Consider a $N \times N$ matrix $A=B_1+B_2$, where $B_1$ is a diagonal matrix with all the diagonal entries between $0$ and $1$ and $B_2$ is a skew symmetric matrix which can be written as
$$B_2= \begin{bmatrix} 0_{N-1} & f \\ -f^T & 0 \end{bmatrix}$$
where $0_{N-1}$ is the $N-1 \times N-1$ zero matrix, $f$ is a $N-1$ by $1$ vector. So $B_2=-B_2^T$.
My question is how many complex eigenvalues (non-zero imaginary part) $A$ has?
I have run some numerical simulations. It seems that $A$ can at most have one pair of complex eigenvalues.
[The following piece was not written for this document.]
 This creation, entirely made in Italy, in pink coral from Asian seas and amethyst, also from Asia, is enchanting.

And it is plausible to me because the skew symmetric $B_2$ is only rank $2$.
How can we prove this mathematically or come up with a counter example? If needed, we can put an upper bound on $|f|_2$. But I don't know that if it is necessary, as indicated from my simulations.
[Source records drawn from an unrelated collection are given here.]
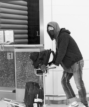 中國飛人劉翔領(lǐng)銜的中國田徑隊(duì)北京時(shí)間昨天上午抵達(dá)卡塔爾多哈,受到了當(dāng)?shù)叵杳缘臒崃覛g迎,幾位漂亮女翔迷還打出了“劉翔加油”的橫幅。長途飛行讓中國田徑隊(duì)一行人看起來都有些疲憊,劉翔推著行李車走出來時(shí),干脆罩住了臉,變身“蒙面超人”。
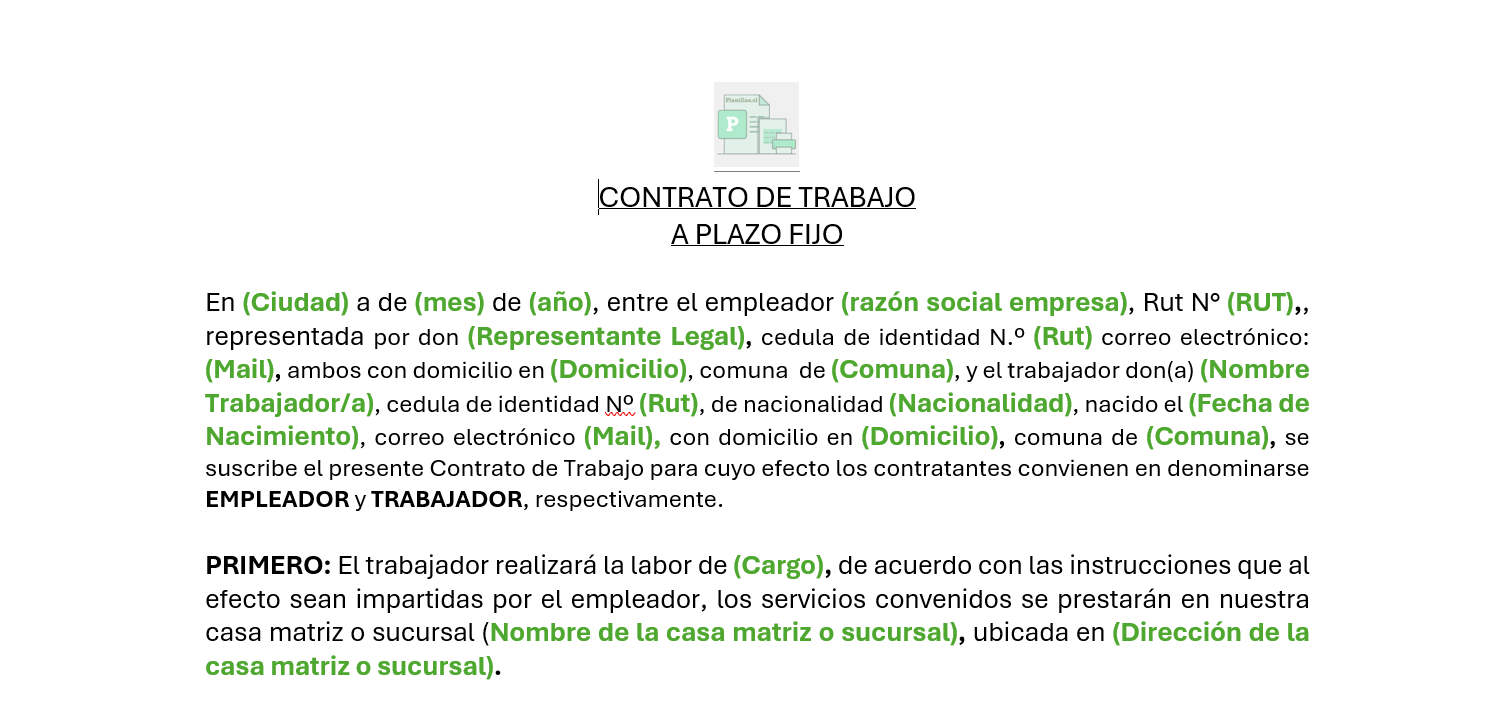 Gestionar contrataciones temporales nunca fue tan fácil. Con nuestra Plantilla de Contrato a Plazo Fijo, tendrás a tu disposición una herramienta completa para formalizar relaciones laborales de manera clara y efectiva, garantizando la tranquilidad tanto para empleadores como para empleados.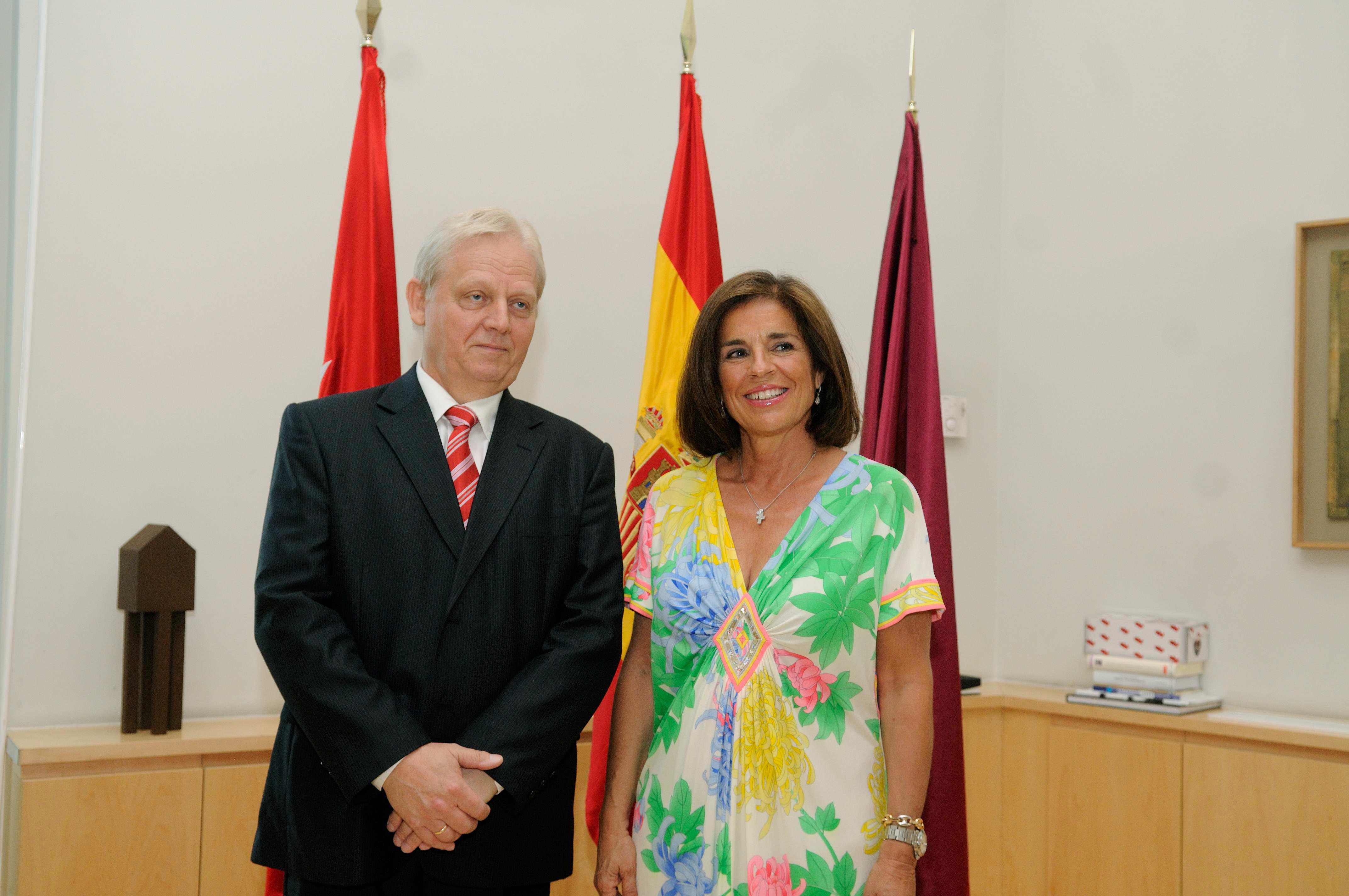 Diferentes momentos de la reunión de Ana Botella y el alcalde de Budapest y de la inauguración de la muestra del patrimonio artístico húngaro en los Jardines del Descubrimiento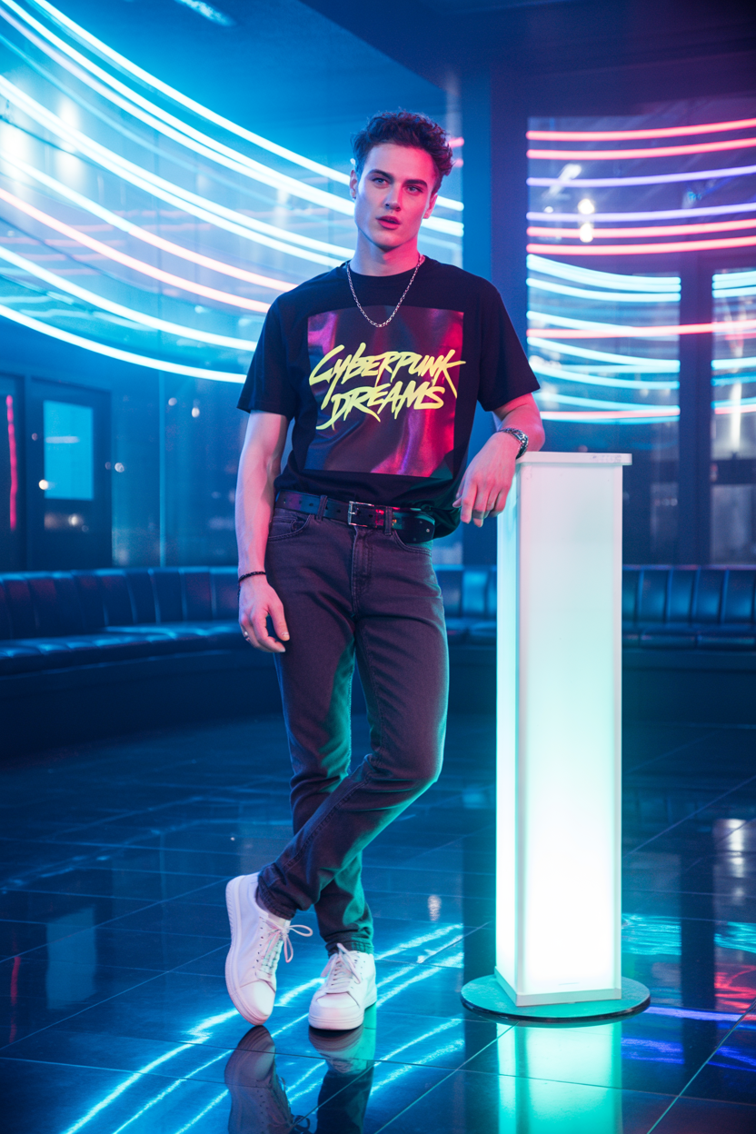 Мужчина в стильном городском клубе, одет в черную футболку с ярким неоновым принтом, облегающие темные джинсы и белые кроссовки, стоит у светящегося подиума, слегка склонив голову и уверенно смотрит прямо в камеру. Вокруг световые линии, клубная атмосфера, отражения на стеклянном полу.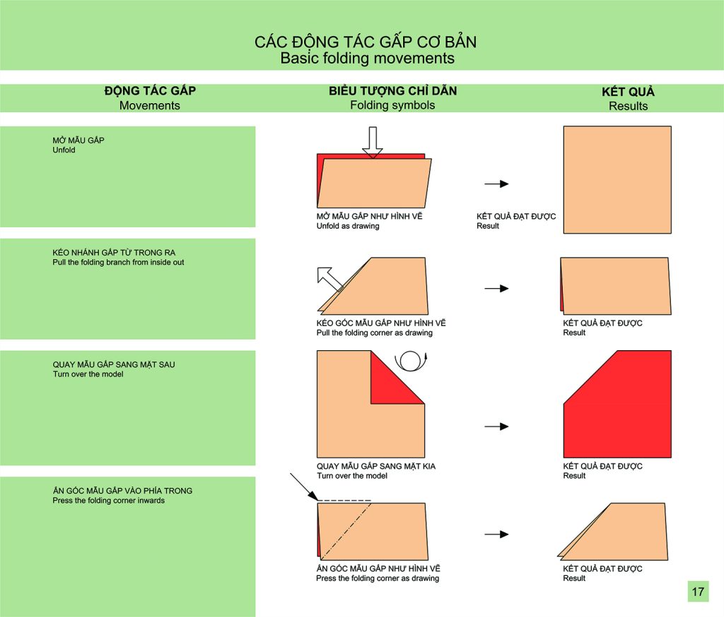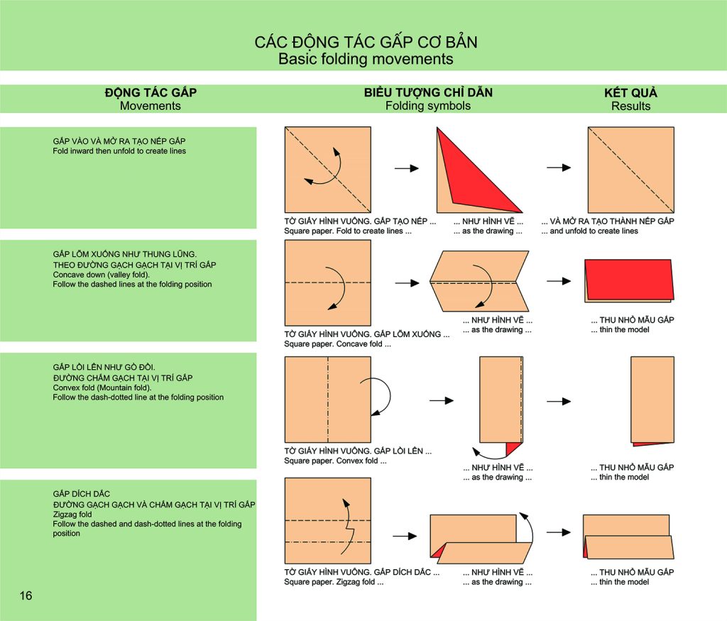 Dưới đây giới thiệu Bộ ký hiệu hướng dẫn động tác gấp và Cách gấp phối hợp.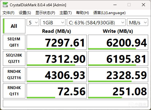 揭開體質可以看到,採用 Phison PS5027-E27T、PCIe 4.0 主控,支持第 4 代 LDPC & RAID ECC 糾錯能力,以及 TRIM 指令和 S.M.A.R.T 自我檢測分析報告技術。支持的最高讀取速度爲7400 MB/s,最高寫入速度爲6400 MB/s。閃存NAND顆粒則是自封形式的,標註型號爲T27HGA5A1V,官方標稱寫入壽命上限爲600TBW。

We only need $B_1$ to be diagonal. Positive definiteness is not needed. Let $A=\pmatrix{D&f\\ -f^T&a}$. If some entries of $f$ is zero, we can reduce the problem to case with a smaller-sized $A$. Assume $f$ is entrywise nonzero. As Friedrich Philipp suggests in his comment, we may make use of Schur complement: \begin{align} \det(tI-A)&=\det(tI-D)\left(t-a+f^T(tI-D)^{-1}f)\right)\\ &=\det(tI-D)\left(t-a+\sum_{j=1}^{n-1} \frac{f_j^2}{t-d_j}\right). \end{align} Hence it suffices to show that $g(t)=t-a+\sum_{j=1}^{n-1} \frac{f_j^2}{t-d_j}$ has at least $n-2$ real roots.
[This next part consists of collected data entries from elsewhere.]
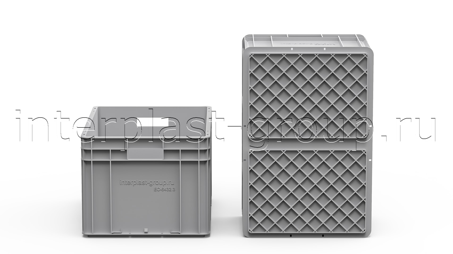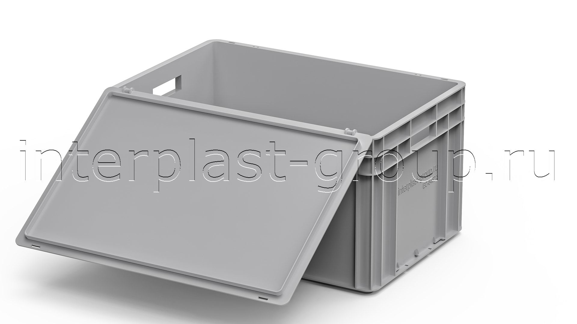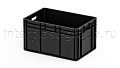 Евроконтейнер открытые ручки/усиленное дно (серый), 600x400x320 мм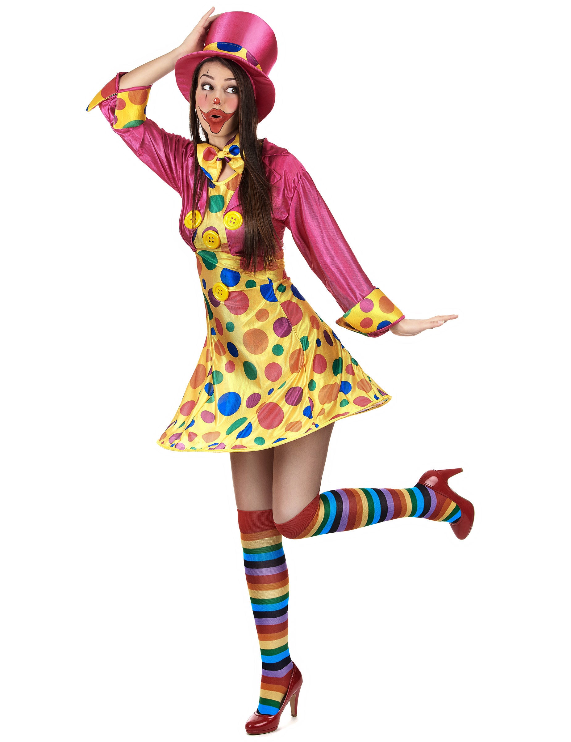 Ez a bohóc művész jelmez a nők számára ruhából, dzsekiből, kalapból és csokornyakkendőből áll (cipő és alsó nem tartozik). Ez a bohóc jelmez ideális lesz az álcázott esték animálásához.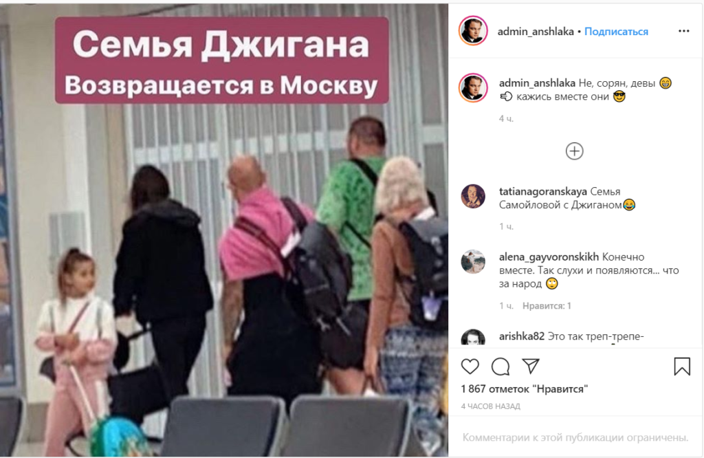 И вот, сегодня Джигана и Оксану Самойлову заметили вместе в аэропорту в Майами. Очевидцы сфотографировали супругов, когда они вместе с детьми (у пары их 4) сдавали багаж и проходили паспортный контроль. А это значит, звездная чета возвращается домой в Москву. Будем следить за развитием событий.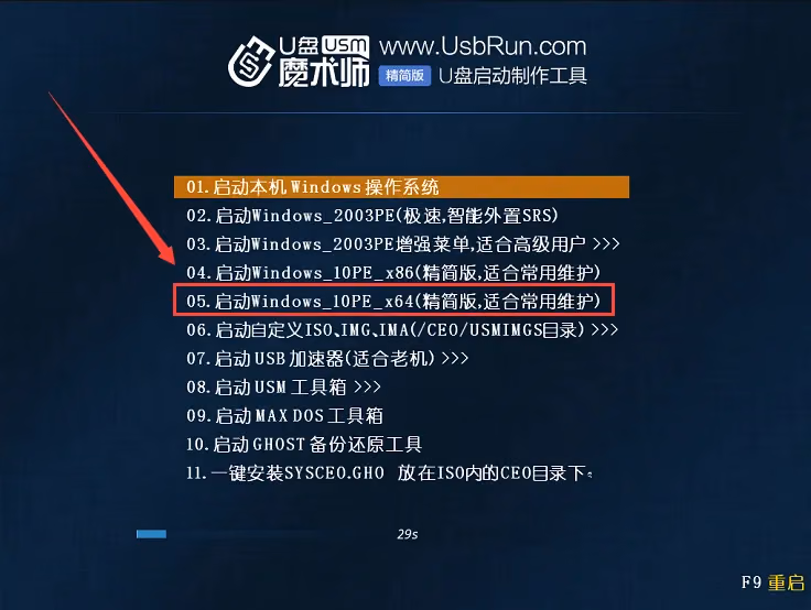 出现U盘启动界面 如下图选择 启动WIN10 PE X 64 ,别的不用去选择。

By permutation, we may assume that the diagonal entries are arranged in strictly ascending order. Since $g(d_j^-)=-\infty$ and $g(d_j^+)=+\infty$, if the diagonal elements of $D$ are distinct, $g$ changes sign on every interval $(d_j,d_{j+1})$. Consequently, $g$ changes sign at least $n-2$ times on $\mathbb R\setminus\{d_1,d_2,\ldots,d_{n-1}\}$ and $A$ has at least $n-2$ (distinct) real eigenvalues. By continuity of eigenvalues in the matrix entries, $A$ also has at least $n-2$ real eigenvalues when some diagonal elements of $D$ are the same.